When querying this thing, you would:
(1) get the pointer for the row you want to query.
(2) add the column offset to that pointer.
(3) check if the cell pointed to "belongs to that row". If it has the row ID of the row you are querying, then return the data value from the cell. If it has any other row ID, return zero.


Anyways, maybe a similar approach could be applied to the magic hash tables? Just greedily fit them together in an overlapping way, such that none of the cells is needed by the magic of more than one square. You don't even need a row ID, since the hash functions can only map to certain slots and you made sure up front that there were no collisions at those slots.

[Aleks Peshkov]

You might try a sparse-array-fitting approach. I.e. imagine you had a 2-dimensional array where most of the entries were zero (or something equally predictable). That sparse array could be compressed like this:...

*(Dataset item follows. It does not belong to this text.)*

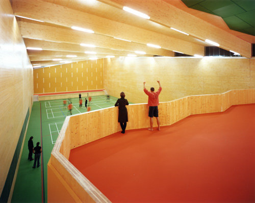 Für das Kingsdale School-Projekt wurde Brettsperrholz in großem Maßstab eingesetzt und »bis an seine Grenzen getrieben«. Das Music Department ist eine einfache Schachtel mit perforierter Oberfläche. Das Sportgebäude hingegen zeichnet sich durch sein Dach in Form eines hyperbolischen Paraboloids aus, dessen Erzeugende mittels Leimbindern hergestellt wurden. Auf ihnen wurden Brettsperrholzplatten befestigt, die dünn genug sind, um sie in die gewünschte Krümmung zu zwingen.

The code of magic bitboard method is:

Code: Select all

return lookup[(occupied & mask) * magic >> shift];

The freedom only in choosing lookup and magic constants.

[Harald]

I haven't tried magic bitboards approach yet, but wouldn't the rotated bitboards work out faster since you're indexing smaller arrays?
Or is it too hard to tell which would be faster without testing both?

In a thread starting here
http://www.talkchess.com/forum/viewtopi ... s+compared
I tried to find some answers to this question.
http://www.talkchess.com/forum/viewtopi ... 11&t=16002

Harald

[bob]

I haven't tried magic bitboards approach yet, but wouldn't the rotated bitboards work out faster since you're indexing smaller arrays?
Or is it too hard to tell which would be faster without testing both?

In a thread starting here
http://www.talkchess.com/forum/viewtopi ... s+compared
I tried to find some answers to this question.
http://www.talkchess.com/forum/viewtopi ... 11&t=16002

Harald

I found zero difference in the speed of the two, but magic bitboards eliminate the need for the rotated bitboards, which means you can generate attacks whenever you want, with whatever piece configuration you want, without having to update 3 other boards in addition to the primary one.

But if speed is all you are looking at, I found zero difference in speed when I removed all the rotated bitboard stuff (including rotated updates in make/unmake) and replaced it by magic generation.